Oh no, the codes now read:
P1193 Inlet air temperature sensor voltage is wrong
P351 Coil #1 is not reaching peak current at the right time
P352 Coil #2 is not reaching peak current at the right time
P300 Misfire detected in multiple cylinders.
P302 Misfire detected in cylinder #2.
P303 Misfire detected in cylinder #3.
P123 Throttle position sensor voltage high
I’m not an auto DIYer, although I’m seriously considering taking some ASE classes at the community college for the sake of helping myself, my family and friends to avoid this sense of helplessness when it comes to car repair.
Lots of questions:
Can you please educate me a bit with regard to these codes and what repairs are needed, so I can feel more comfortable bringing this to the mechanic near me? Is 12 hrs to remove the head normal? He mentioned it could involve R&R two cylinders at $1,000, is that possible? Do all these codes go hand in hand with the zero compression? Would I be pushing my luck with continuing to drive the car? I read in one forum that P123 could indicate an unplugged or not fully plugged in TPS. Can I simply reach this with my hand and check?

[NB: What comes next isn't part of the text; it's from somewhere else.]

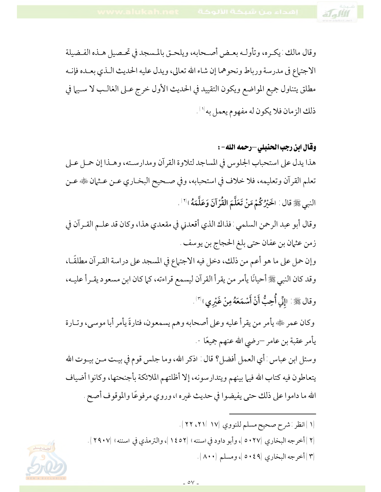 وإن حمل على ما هو أعم من ذلك، دخل فيه الاجتماع في المسجد على دراسة القرآن مطلقًا، وقد كان النبي - صلى الله عليه وسلم - أحيانًا يأمر من يقرأ القرآن ليسمع قراءته، كما كان ابن مسعود يقرأ عليه، وقال - صلى الله عليه وسلم -: «إِنِّي أُحِبُّ أَنْ أَسْمَعَهُ مِنْ غَيْرِي» (¬3).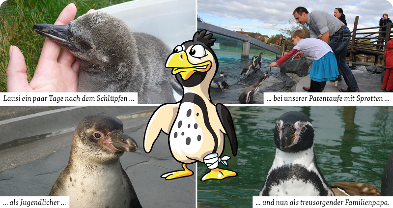 „Unser“ Lausi ist vom Patenkind längst zum liebevollen Familienpapa geworden – und ein ganz besonderer Frackträger. Seinen Namen hat er von uns erhalten und wir haben uns ganz gezielt für Lausi entschieden. Er hatte einen recht schwierigen Start ins Leben, als „Frühchen“ musste er mühsam aufgepeppelt werden – Tierpflegerin Laura hatte ihn fast ein halbes Jahr auf dem heimischen Balkon mit wahrer Pinguin-Mutterliebe großgezogen. Lange Zeit war ein Hinkebeinchen das sichtbare Zeichen seiner Startschwierigkeiten, deshalb trägt er als Comicfigur auch den niedlichen Verband an der linken Flosse.

Coincidence? On 9/5/09, I had the lower gasket, oil filter housing and the oil sender replaced by the above mechanic. Since then and before the engine light came on, I had three occasions when the Oil light would come on at idle after 20 minutes of stop/go driving. Light would turn off upon acceleration. On Saturday, the same mechanic put in a new oil sender unit- or so they said. I haven’t been in stop/go traffic to test it. Could this have caused the engine problems?
Thanks much in advance for your advice and guidance!!!